Jan 31 (Reuters) – Pakistan’s former Prime Minister Imran Khan and his wife Bushra Khan were each handed a 14-year jail sentence on Wednesday in a case related to illegal selling of state gifts.
The verdict by an anti-graft court came a day after Khan received a 10-year jail sentence for leaking state secrets.
In prison since August, Khan, 71, denies wrongdoing and accuses the military of persecuting him.
Following are details of the main cases among 150 he says have been launched against him since being ousted from power in 2022.
SECRETS CASE
* Khan was convicted on Tuesday with making public a classified cable sent to Islamabad by Pakistan’s ambassador in Washington in 2022, in what is commonly known as the Cipher case.
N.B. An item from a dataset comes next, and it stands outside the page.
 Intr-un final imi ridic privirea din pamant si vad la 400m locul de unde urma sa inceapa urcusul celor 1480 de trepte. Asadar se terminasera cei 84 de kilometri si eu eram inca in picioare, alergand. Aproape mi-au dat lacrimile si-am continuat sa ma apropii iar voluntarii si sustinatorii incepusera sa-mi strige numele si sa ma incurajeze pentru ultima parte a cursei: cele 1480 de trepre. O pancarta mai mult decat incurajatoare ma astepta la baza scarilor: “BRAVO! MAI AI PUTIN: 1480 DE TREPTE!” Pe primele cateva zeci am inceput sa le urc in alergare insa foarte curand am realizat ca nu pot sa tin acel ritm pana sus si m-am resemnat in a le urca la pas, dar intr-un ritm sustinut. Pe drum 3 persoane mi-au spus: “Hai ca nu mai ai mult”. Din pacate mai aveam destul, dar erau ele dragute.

He was sentenced to 10 years in prison. He denies the charge and has said the contents appeared in the media from other sources.
* Khan has said the cable was proof of a conspiracy by the military and U.S. government to topple his government in 2022 after he visited Moscow just before Russia’s invasion of Ukraine. Washington and Pakistan’s military deny that.
GIFTS CASE
* Also known as the Toshakhana or state treasury case, Khan was previously handed a three-year prison sentence in August by another court for selling gifts worth more than 140 million rupees ($501,000) in state possession and received during his 2018-2022 premiership.
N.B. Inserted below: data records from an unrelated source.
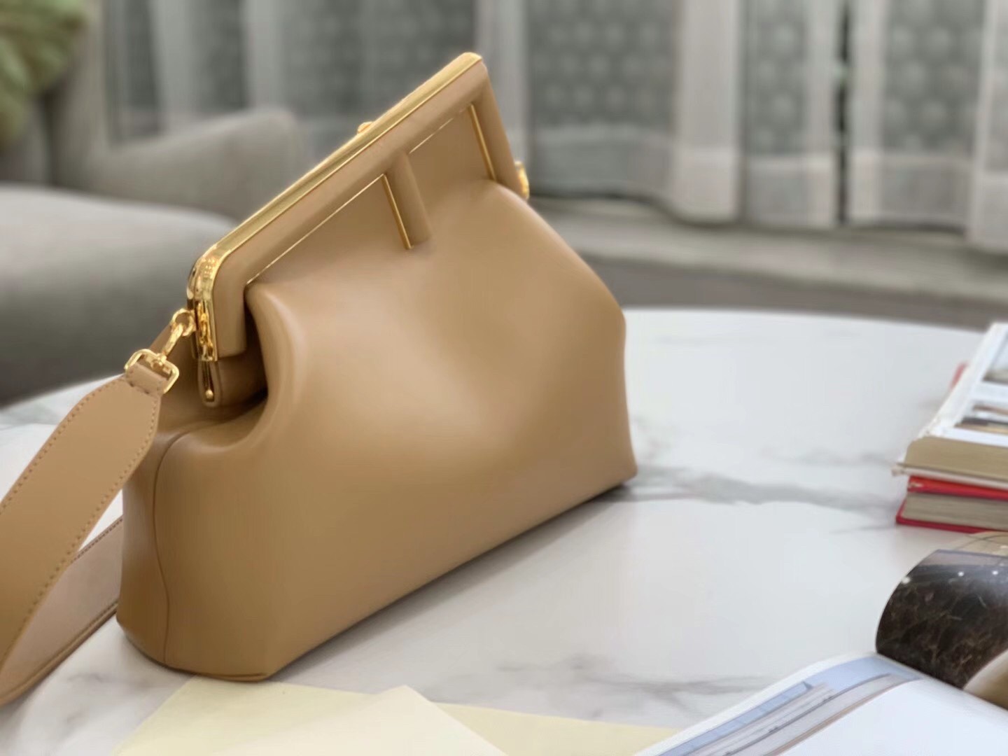Kim Jones introduces the First bag, a soft clutch silhouette with the iconic ??F?? logo incorporated into its fastening. This bag made of soft nappa leather with oversized metal F clasp bound with tone on tone nappa leather. You can style the First by hand as a clutch or worn on the shoulder thanks to the detachable shoulder strap.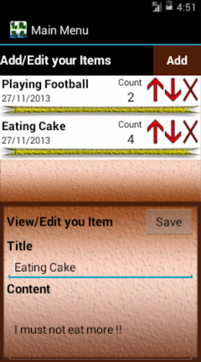 With this app you can store number of time you eat a specific meal, play a game, do an exercise, solve math problems, and many other actions as you wishes. The app is just a simple list created by the user in which each item in the list is given a title and a content.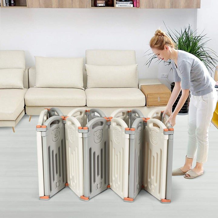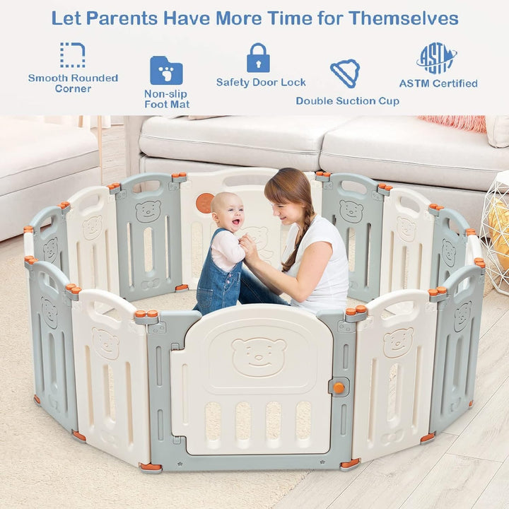 14 Panel Foldable Baby Playpen with Lockable Gate and Non-slip Bases
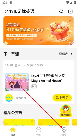 1、打開51Talk APP,點擊底部導航欄賬號選項。

* That sentence was later suspended but Khan remained in prison in connection with other cases. On Wednesday, an anti-graft court sentenced Khan and his wife to 14 years in jail in the same case. He has said that he legally purchased the items. Government officials have alleged Khan’s aides sold the gifts in Dubai.
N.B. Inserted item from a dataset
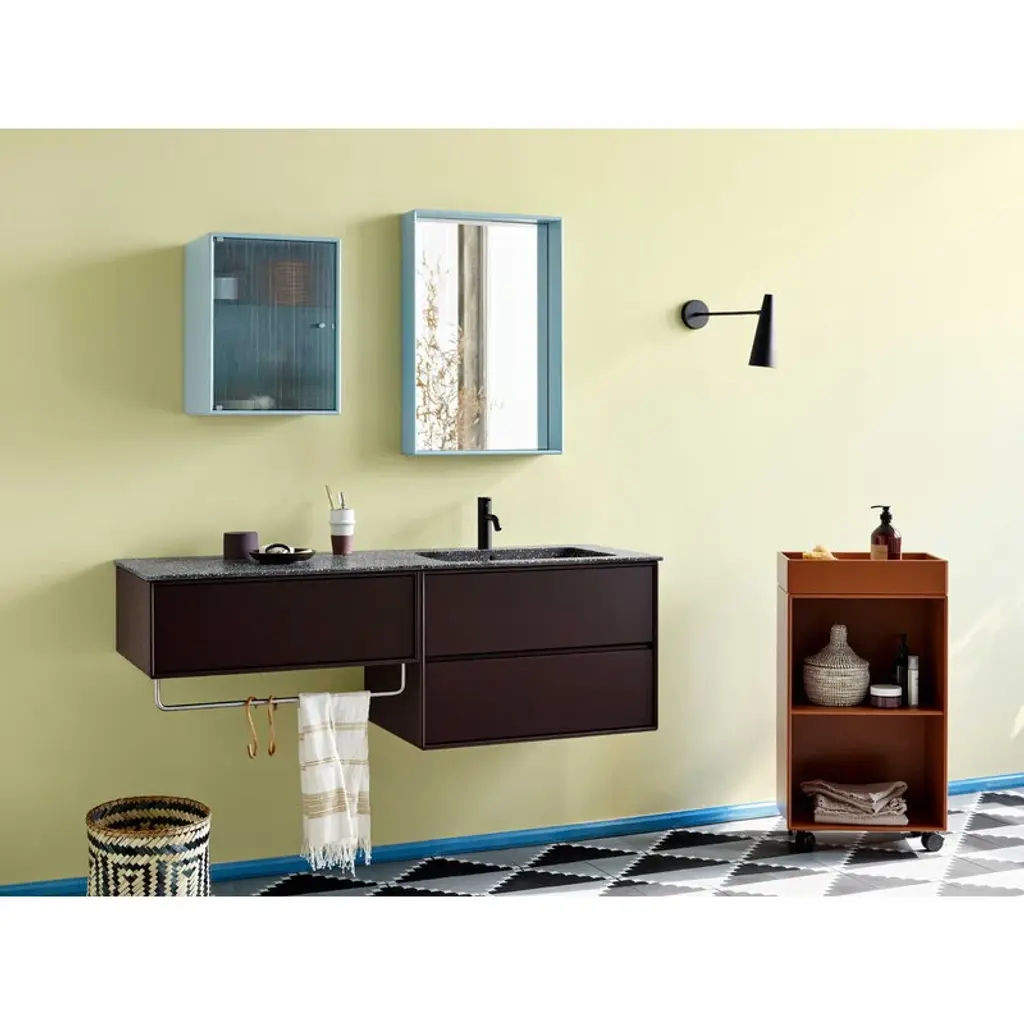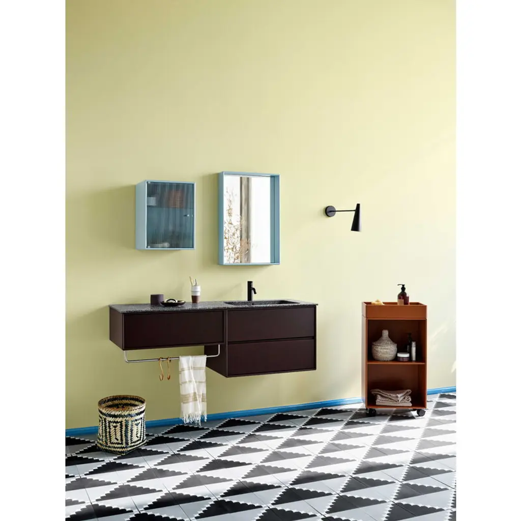 Montana Furniture's Shelfie is a multi-purpose, rectangular mirror that can be mounted on the wall either horizontally or vertically. Made of water-resistant MDF, the mirror is ideal for the bathroom, but can also be hung on the wall of the bedroom, walk-in closet or hallway. The mirror has a frame that serves as a handy storage shelf – there is no easier way to keep your toothbrushes, cotton balls, cosmetics and jars in order! The Shelfie mirror is a part of Montana Selection, a collection of storage furniture and interior objects characterized by a graphic, simplistic form language and subtle, Nordic colors. The Montana products were created by Peter J. Lassen, and all the items have been designed and manufactured in Denmark.

* A list of these gifts shared by a former information minister included perfumes, diamond jewellery, dinner sets and seven watches, six of them Rolexes – the most expensive being a “Master Graff limited edition” valued at 85 million rupees ($304,000).
LAND BRIBERY CASE
* Khan was previously arrested for four days in May last year on charges that he and his wife received land as a bribe through the Al-Qadir Trust – a charitable trust set up by Bushra Watto, Khan’s third wife, and Khan in 2018 when still in office.
* Pakistani authorities have accused Khan and his wife of receiving the land, worth up to 7 billion rupees ($25 million), from a property developer charged in Britain with money laundering.
* Authorities accused Khan of getting the land in exchange for a favour to the property developer by using 190 million pounds repatriated by Britain in the money laundering probe to pay fines levied by a court against the developer.
* Khan’s aides have previously said that the land was donated to the trust for charitable purposes. The real estate developer has also denied any wrongdoing.
ABETTING VIOLENCE
* Khan has been indicted under Pakistan’s anti-terrorism law in connection with violence against the military that erupted following his brief arrest related to the Al-Qadir case on May 9.
* A section of Pakistan’s 1997 anti-terrorism act prescribes the death penalty as maximum punishment.
* Khan has denied the charges under the anti-terrorism law, saying he was in detention when the violence took place.